Technology stocks are also worth sticking with, Keller said, even though they’ve had a massive run in the last few years. Semiconductor companies and technology giants like Alphabet (GOOGL), Meta (META), and Microsoft (MSFT) are among his favorite ideas here, even though they’re dealing with regulatory scrutiny that may not be going away.

“This is more of a broader play, particularly a play on AI,” Keller said. “Semiconductors are probably the best way to think of it, because you’re getting exposure to those major players. Any sort of improvement in AI is going to be driven by semiconductors.”

Another less-heralded way to play the AI boom are the utility companies that provide their power. Utilities happen to be by far the best-performing sector in the last three months, and Keller noted that the defensive group tends to be less volatile with high dividend income.

“If you’re concerned about the instability of an election, new administration coming in, potential disruption because of whatever, and all the other things going on in the world right now — utilities are a pretty good place to play that,” Keller said.

Speaking of, low-volatility stocks — including companies in the consumer staples sector like Procter & Gamble (PG), Coca-Cola (KO), and AT&T (T) — are also on Keller’s mind. Their technicals look strong, and their resistance to selloffs is appealing heading into a new regime.

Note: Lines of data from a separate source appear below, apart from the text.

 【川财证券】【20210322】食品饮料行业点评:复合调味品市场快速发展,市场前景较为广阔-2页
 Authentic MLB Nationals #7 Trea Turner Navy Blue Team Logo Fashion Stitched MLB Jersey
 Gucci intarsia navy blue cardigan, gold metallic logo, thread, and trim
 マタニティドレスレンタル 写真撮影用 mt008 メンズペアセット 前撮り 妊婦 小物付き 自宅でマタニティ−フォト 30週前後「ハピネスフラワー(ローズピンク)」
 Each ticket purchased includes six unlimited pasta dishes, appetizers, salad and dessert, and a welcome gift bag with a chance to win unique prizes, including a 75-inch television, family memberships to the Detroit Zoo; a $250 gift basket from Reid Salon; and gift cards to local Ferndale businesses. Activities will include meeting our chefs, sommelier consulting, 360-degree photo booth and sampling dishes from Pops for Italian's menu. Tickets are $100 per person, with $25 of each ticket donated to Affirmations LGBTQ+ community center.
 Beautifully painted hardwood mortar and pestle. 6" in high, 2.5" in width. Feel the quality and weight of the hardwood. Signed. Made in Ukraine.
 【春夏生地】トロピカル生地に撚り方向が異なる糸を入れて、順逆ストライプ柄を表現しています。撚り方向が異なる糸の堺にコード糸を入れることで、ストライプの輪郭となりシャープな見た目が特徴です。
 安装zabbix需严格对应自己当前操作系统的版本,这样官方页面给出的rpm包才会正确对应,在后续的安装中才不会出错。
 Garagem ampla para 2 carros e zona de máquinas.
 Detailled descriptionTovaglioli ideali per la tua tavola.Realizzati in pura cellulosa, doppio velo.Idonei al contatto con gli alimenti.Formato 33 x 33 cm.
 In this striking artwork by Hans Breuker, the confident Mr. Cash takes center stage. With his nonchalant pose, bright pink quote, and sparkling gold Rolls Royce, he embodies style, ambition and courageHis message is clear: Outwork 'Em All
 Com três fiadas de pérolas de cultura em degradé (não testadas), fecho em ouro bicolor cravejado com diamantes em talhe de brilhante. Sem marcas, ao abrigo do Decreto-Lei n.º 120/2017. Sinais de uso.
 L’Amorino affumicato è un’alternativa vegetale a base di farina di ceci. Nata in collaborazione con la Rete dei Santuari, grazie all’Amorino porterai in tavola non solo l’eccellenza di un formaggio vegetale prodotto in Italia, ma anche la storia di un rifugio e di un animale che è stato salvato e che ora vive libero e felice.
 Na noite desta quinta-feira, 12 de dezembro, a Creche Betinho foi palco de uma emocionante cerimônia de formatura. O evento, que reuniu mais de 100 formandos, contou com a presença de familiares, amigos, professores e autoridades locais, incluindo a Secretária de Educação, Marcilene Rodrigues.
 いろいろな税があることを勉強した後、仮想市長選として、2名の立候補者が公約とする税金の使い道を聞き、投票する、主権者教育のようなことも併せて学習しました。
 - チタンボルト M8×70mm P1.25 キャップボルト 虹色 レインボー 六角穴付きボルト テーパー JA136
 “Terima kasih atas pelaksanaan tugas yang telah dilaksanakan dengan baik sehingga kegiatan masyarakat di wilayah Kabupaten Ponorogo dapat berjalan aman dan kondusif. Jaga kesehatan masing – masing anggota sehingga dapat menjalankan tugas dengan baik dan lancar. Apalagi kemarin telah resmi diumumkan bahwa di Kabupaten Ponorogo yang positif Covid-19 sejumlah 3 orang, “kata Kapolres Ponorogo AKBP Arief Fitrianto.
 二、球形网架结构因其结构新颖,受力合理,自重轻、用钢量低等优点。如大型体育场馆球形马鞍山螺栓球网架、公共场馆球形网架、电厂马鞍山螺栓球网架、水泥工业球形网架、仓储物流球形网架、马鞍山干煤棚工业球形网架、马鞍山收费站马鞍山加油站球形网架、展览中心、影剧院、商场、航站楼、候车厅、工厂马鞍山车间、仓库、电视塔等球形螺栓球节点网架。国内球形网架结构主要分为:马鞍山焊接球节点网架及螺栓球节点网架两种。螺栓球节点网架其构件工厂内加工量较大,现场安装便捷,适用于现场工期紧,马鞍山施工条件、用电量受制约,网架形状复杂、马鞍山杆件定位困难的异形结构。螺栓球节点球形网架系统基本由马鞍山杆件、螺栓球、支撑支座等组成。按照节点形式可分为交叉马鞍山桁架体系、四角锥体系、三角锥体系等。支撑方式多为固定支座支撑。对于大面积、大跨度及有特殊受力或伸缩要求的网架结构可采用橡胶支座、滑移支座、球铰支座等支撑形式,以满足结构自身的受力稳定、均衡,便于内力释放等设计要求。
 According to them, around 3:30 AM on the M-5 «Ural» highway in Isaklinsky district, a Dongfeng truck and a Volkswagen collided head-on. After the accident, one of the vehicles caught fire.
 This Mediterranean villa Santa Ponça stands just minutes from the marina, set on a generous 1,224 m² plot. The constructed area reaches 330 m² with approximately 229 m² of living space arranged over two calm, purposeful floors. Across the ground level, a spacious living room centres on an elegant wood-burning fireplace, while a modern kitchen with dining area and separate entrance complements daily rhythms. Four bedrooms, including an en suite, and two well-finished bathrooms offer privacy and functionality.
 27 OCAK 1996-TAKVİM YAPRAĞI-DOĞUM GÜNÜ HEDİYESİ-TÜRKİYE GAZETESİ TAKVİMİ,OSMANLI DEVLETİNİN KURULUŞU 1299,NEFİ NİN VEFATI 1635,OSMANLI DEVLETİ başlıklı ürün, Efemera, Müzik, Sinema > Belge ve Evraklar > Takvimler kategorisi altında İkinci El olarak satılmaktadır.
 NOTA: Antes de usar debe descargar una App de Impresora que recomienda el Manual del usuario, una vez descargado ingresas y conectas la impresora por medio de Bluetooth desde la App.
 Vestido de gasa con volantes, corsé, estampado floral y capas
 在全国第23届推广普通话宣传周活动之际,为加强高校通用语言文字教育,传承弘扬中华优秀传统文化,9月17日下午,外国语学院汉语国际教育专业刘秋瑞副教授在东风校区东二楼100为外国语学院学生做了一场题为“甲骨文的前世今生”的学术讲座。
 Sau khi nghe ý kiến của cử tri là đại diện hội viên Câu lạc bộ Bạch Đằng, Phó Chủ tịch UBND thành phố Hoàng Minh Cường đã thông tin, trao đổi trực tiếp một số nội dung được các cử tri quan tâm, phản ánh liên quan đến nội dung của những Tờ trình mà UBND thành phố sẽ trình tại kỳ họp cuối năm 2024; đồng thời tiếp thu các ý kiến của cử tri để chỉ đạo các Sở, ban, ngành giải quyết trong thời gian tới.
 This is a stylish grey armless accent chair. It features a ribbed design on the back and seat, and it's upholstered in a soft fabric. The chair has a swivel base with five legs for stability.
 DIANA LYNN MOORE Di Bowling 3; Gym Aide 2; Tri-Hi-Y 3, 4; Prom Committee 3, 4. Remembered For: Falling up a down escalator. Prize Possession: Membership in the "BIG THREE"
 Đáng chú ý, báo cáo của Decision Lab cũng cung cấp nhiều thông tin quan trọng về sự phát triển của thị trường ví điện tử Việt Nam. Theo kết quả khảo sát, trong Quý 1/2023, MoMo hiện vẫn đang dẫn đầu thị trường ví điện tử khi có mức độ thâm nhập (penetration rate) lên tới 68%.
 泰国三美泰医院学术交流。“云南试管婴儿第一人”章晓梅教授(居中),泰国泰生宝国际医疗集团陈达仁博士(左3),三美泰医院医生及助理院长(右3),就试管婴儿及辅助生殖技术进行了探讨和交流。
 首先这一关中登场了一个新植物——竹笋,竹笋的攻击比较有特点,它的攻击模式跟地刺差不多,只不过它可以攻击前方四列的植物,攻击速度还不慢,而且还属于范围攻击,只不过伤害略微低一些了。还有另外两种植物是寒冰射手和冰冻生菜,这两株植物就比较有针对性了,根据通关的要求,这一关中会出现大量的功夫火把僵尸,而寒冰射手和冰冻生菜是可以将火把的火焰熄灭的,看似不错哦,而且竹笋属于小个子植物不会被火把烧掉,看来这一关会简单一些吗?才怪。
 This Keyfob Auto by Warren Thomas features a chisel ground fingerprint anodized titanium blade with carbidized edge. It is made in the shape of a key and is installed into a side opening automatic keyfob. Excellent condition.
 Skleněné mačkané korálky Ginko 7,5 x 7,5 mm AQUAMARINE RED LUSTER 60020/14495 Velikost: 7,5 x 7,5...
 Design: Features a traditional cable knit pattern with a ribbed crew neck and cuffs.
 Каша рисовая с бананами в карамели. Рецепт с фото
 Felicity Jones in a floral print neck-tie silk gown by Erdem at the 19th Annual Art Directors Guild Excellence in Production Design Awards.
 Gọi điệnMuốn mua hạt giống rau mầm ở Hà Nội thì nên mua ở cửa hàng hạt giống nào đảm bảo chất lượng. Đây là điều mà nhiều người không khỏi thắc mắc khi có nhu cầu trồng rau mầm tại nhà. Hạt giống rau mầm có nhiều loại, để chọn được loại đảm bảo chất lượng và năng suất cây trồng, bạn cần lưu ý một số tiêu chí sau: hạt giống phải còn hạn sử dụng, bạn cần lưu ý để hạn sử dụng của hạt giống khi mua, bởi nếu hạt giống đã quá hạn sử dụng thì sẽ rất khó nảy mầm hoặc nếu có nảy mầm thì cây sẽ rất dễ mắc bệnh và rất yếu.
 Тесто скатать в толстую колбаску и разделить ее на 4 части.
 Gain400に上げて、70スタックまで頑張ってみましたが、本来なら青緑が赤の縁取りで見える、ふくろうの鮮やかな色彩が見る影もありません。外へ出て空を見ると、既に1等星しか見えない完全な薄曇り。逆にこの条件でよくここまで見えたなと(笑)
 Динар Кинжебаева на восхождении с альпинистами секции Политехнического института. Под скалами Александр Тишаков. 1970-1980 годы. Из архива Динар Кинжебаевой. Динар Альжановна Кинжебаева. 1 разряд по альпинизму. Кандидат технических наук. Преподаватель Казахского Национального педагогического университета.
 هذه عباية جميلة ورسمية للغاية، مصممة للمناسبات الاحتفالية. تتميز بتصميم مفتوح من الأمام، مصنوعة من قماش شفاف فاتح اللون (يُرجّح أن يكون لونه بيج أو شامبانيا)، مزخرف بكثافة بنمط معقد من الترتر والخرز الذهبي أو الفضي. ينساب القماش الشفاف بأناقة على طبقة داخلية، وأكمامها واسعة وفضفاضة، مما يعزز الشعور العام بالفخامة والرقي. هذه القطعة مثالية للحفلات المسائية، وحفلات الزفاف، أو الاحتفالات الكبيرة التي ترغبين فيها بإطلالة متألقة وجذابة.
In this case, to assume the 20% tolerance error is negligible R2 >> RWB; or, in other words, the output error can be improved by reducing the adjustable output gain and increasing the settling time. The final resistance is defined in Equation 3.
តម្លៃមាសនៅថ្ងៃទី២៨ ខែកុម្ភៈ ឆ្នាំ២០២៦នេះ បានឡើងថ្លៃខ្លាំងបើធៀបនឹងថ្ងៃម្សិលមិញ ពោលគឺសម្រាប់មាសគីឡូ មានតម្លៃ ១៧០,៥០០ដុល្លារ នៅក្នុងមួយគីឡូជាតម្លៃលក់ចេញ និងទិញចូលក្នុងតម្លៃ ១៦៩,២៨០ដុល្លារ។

Lastly, Keller said infrastructure firms should also succeed under Trump or Harris. This industry is one of a few that Republicans and Democrats agree needs support. The strategist said that top ways to play it are Caterpillar (CAT), the iShares U.S. Infrastructure ETF (IFRA), or the Global X US Infrastructure Development ETF (PAVE).

“Regardless of who’s elected, the infrastructure isn’t getting any younger,” Keller said.